Núcleo de Pesquisa em Tuberculose, Departamento de Bioquímica e Imunologia, Universidade de São Paulo, São Paulo, Brazil.
PLoS One. 2010 Jan 15;5(1):e8721. doi: 10.1371/journal.pone.0008721.
We have previously explored a therapeutic strategy for specifically targeting the profibrotic activity of IL-13 during experimental pulmonary fibrosis using a fusion protein comprised of human IL-13 and a mutated form of Pseudomonas aeruginosa exotoxin A (IL13-PE) and observed that the intranasal delivery of IL13-PE reduced bleomycin-induced pulmonary fibrosis through its elimination of IL-13-responsive cells in the lung. The aim of the present study was to determine whether the presence of an immune response to P. aeruginosa and/or its exotoxin A (PE) would diminish the anti-fibrotic properties of IL13-PE.
METHODOLOGY/PRINCIPAL FINDINGS: Fourteen days after P. aeruginosa infection, C57BL/6 mice were injected with bleomycin via the intratracheal route. Other groups of mice received 4 doses of saline or IL13-PE by either intranasal or intraperitoneal application, and were challenged i.t. with bleomycin 28 days later. At day 21 after bleomycin, all mice received either saline vehicle or IL13-PE by the intranasal route and histopatological analyses of whole lung samples were performed at day 28 after bleomycin. Intrapulmonary P. aeruginosa infection promoted a neutralizing IgG2A and IgA antibody response in BALF and serum.
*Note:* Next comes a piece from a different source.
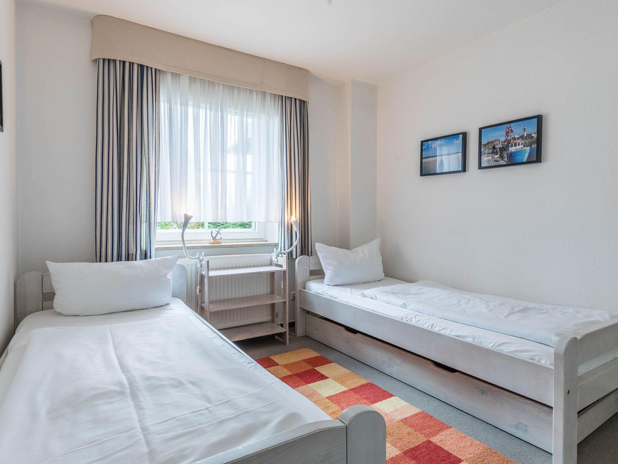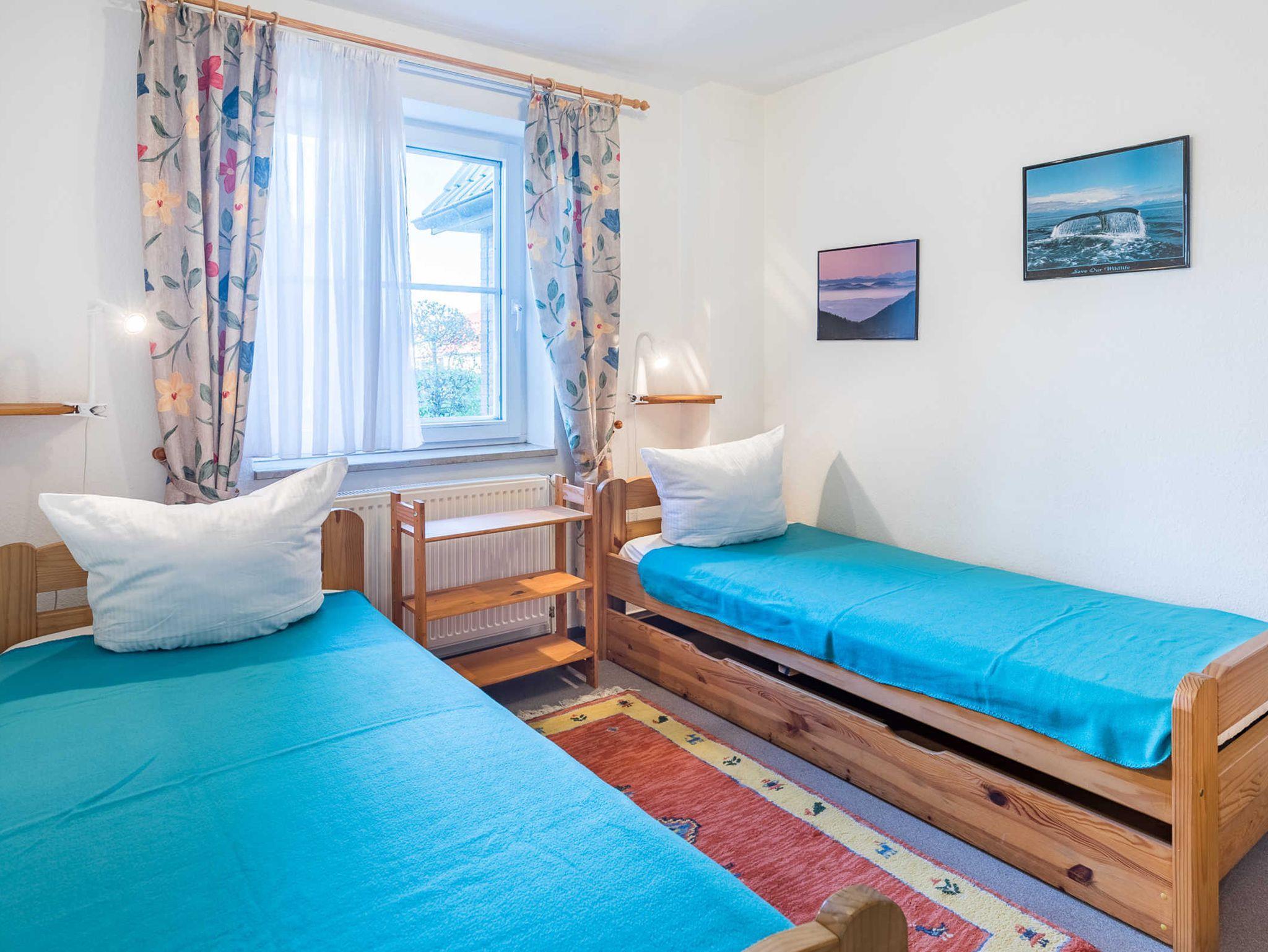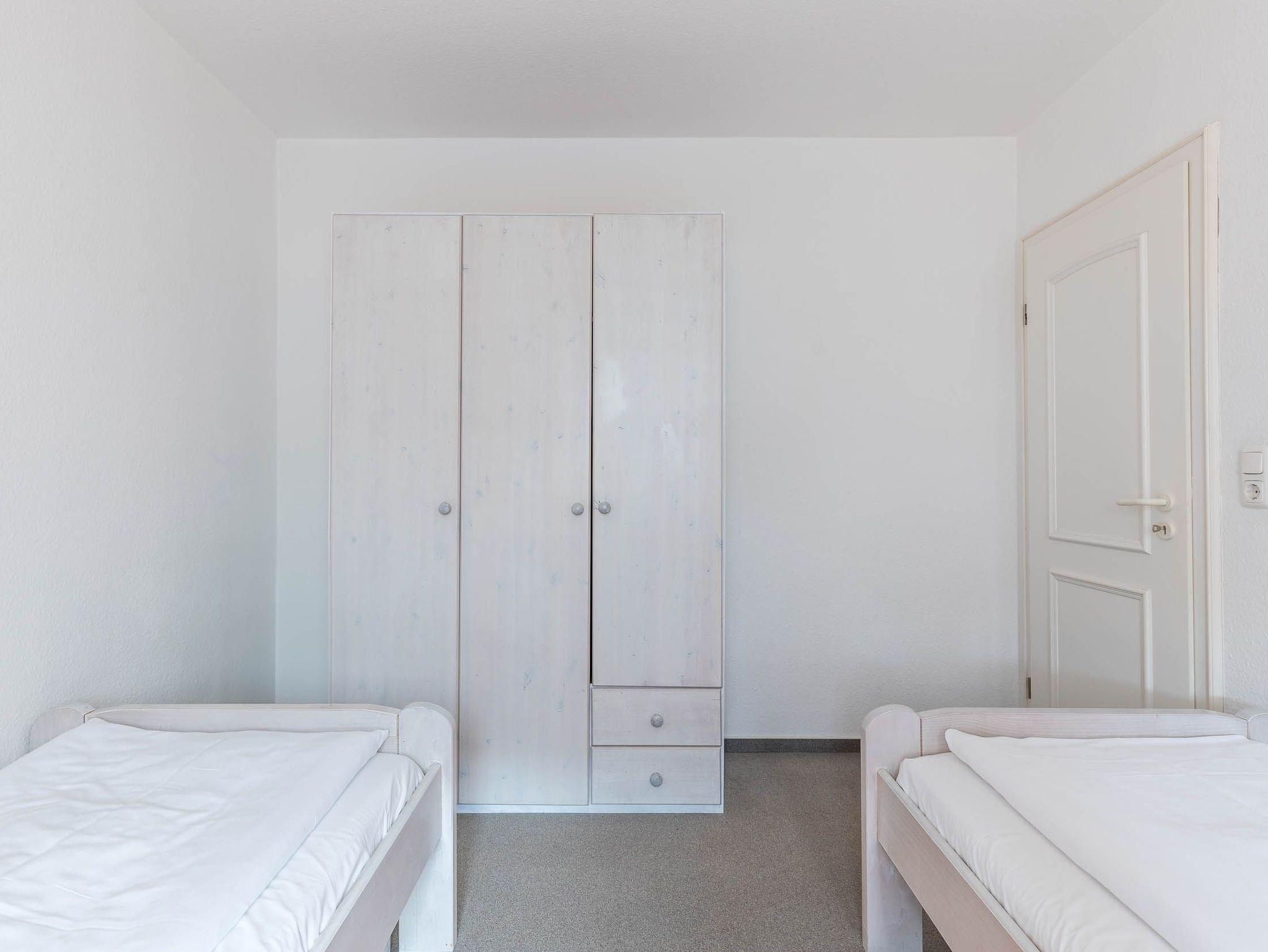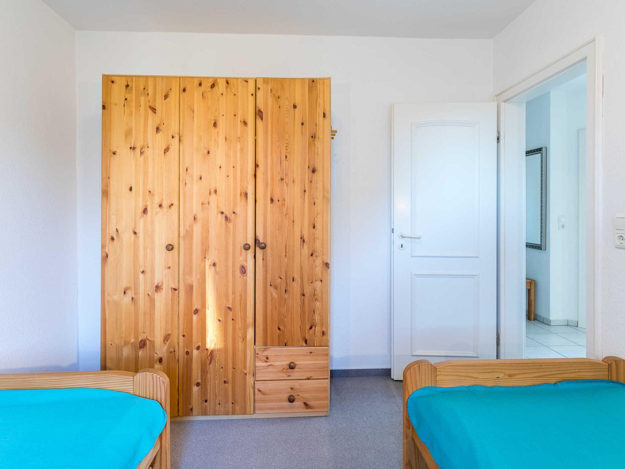 Das große Schlafzimmer bietet ein Doppelbett, im Kinder-/ Gästezimmer befinden sich zwei Einzelbetten. Beide Zimmer sind außerdem mit einem geräumigen Kleiderschrank ausgestattet.

Surprisingly, histological analysis showed that a prior P. aeruginosa infection attenuated the development of bleomycin-induced pulmonary fibrosis, which was modestly further attenuated by the intranasal administration of IL13-PE. Although prior intranasal administration of IL13-PE failed to elicit an antibody response, the systemic administration of IL13-PE induced a strong neutralizing antibody response. However, the prior systemic sensitization of mice with IL13-PE did not inhibit the anti-fibrotic effect of IL13-PE in fibrotic mice.
Thus, IL13-PE therapy in pulmonary fibrosis works regardless of the presence of a humoral immune response to Pseudomonas exotoxin A. Interestingly, a prior infection with P. aeruginosa markedly attenuated the pulmonary fibrotic response suggesting that the immune elicitation by this pathogen exerts anti-fibrotic effects.
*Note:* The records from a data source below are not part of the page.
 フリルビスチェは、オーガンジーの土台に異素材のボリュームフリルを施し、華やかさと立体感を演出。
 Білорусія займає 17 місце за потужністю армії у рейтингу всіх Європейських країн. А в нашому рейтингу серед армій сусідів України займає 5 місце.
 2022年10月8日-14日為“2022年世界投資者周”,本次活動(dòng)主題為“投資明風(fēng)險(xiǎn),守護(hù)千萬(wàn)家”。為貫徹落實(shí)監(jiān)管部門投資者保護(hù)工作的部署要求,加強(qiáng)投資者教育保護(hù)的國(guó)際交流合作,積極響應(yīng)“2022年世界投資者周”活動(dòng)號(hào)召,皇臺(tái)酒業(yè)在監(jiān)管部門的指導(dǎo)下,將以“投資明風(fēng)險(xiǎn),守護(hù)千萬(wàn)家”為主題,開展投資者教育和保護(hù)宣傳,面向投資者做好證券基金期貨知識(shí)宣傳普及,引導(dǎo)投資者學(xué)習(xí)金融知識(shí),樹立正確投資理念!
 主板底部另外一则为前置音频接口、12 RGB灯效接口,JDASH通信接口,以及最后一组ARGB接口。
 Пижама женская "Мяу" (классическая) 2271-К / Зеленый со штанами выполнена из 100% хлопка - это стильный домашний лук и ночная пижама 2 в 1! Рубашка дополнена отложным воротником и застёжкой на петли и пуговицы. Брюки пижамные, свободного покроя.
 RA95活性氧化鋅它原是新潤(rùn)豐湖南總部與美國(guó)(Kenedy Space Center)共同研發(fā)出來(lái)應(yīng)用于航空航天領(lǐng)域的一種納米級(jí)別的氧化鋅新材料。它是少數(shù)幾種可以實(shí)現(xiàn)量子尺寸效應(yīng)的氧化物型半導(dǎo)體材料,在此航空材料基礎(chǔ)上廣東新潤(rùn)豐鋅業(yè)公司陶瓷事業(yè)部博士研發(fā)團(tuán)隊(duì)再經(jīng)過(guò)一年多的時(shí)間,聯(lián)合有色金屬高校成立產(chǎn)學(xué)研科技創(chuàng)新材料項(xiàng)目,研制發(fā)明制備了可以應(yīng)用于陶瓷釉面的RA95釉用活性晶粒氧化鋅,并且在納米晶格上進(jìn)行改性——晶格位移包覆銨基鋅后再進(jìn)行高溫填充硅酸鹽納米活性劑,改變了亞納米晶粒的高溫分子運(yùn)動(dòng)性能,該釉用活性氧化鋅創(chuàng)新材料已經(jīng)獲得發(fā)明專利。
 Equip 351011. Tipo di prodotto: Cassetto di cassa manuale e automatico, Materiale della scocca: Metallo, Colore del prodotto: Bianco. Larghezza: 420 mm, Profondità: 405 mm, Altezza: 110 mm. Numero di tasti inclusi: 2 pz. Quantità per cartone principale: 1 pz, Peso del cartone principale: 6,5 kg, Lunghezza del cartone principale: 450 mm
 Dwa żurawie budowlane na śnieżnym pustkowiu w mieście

我们之前探索了一种治疗策略,即通过包含人白细胞介素 13(IL-13)和突变型铜绿假单胞菌外毒素 A(PE)的融合蛋白来专门针对实验性肺纤维化中的 IL-13 的促纤维化活性,观察到鼻内给予 IL13-PE 通过消除肺中对 IL-13 有反应的细胞,减少博莱霉素诱导的肺纤维化。本研究的目的是确定铜绿假单胞菌及其外毒素 A(PE)的存在是否会降低 IL13-PE 的抗纤维化特性。
方法/主要发现:在铜绿假单胞菌感染后 14 天,通过气管内途径向 C57BL/6 小鼠注射博莱霉素。其他组的小鼠通过鼻内或腹腔内应用接受 4 次生理盐水或 IL13-PE 治疗,并在 28 天后用博莱霉素 i.t. 进行挑战。在博莱霉素后 21 天,所有小鼠均通过鼻内途径接受生理盐水或 IL13-PE,在博莱霉素后 28 天进行全肺样本的组织病理学分析。肺内铜绿假单胞菌感染促进 BALF 和血清中中和 IgG2A 和 IgA 抗体反应。令人惊讶的是,组织学分析表明,先前的铜绿假单胞菌感染减弱了博莱霉素诱导的肺纤维化的发展,而鼻内给予 IL13-PE 则适度进一步减弱了这种发展。尽管先前鼻内给予 IL13-PE 未能引起抗体反应,但系统给予 IL13-PE 引起了强烈的中和抗体反应。然而,先前用 IL13-PE 对小鼠进行全身致敏并没有抑制 IL13-PE 在纤维化小鼠中的抗纤维化作用。
因此,IL13-PE 治疗肺纤维化与针对铜绿假单胞菌外毒素 A 的体液免疫反应的存在无关。有趣的是,先前感染铜绿假单胞菌显着减弱了肺纤维化反应,表明该病原体的免疫引发具有抗纤维化作用。